Activity
What are the lines, word for word, from the line with "自营Fendi 芬迪 【新品】" up to and including the line with "Der Durchschnittspreis auf" in the records below? Omit the pictures.

Information given
====

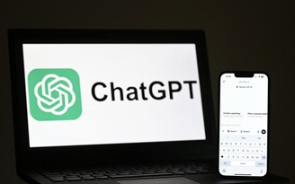 Logo ChatGPT trên máy tính và ứng dụng ChatGPT được mở trên điện thoại ẢNH: AFP
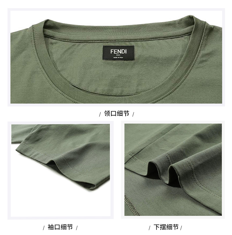 自营Fendi 芬迪 【新品】 男士棉质军绿色FF刺绣圆领短袖T恤 FY1319 ATC7 F0GZ4
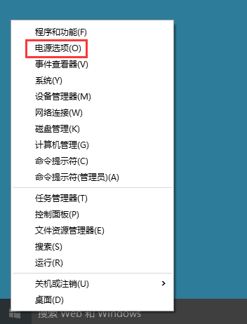 1、按键盘上的“Windows徽标键+X”组合键,在出现的菜单中选择“电源选项”;
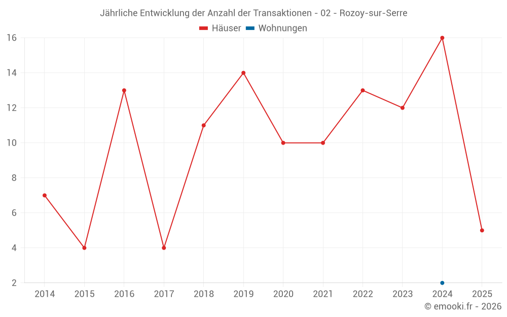 Der Durchschnittspreis auf den 29 Hausgeschäften der letzten 24 Monate in der Gemeinde Rozoy-sur-Serre betrug 491 € pro Quadratmeter für einen mittleren Immobilienwert von 50 000 €. Über diesen Zeitraum hinweg lagen 60% der Transaktionen zwischen 283 und 808 € pro Quadratmeter (vom 2. bis zum 8. Dezil).
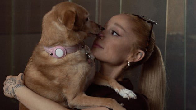 During her trip down memory late, Ariana places a memento for each song’s music video in the middle of the silver bowl-like decoration in each plaque. For “No Tears Left to Cry,” she puts some of her dog Toulouse‘s food in there, to commemorate the fact that he was in the video — and he happily jumps up and starts eating it.

====

Response area
 自营Fendi 芬迪 【新品】 男士棉质军绿色FF刺绣圆领短袖T恤 FY1319 ATC7 F0GZ4
 1、按键盘上的“Windows徽标键+X”组合键,在出现的菜单中选择“电源选项”;
 Der Durchschnittspreis auf den 29 Hausgeschäften der letzten 24 Monate in der Gemeinde Rozoy-sur-Serre betrug 491 € pro Quadratmeter für einen mittleren Immobilienwert von 50 000 €. Über diesen Zeitraum hinweg lagen 60% der Transaktionen zwischen 283 und 808 € pro Quadratmeter (vom 2. bis zum 8. Dezil).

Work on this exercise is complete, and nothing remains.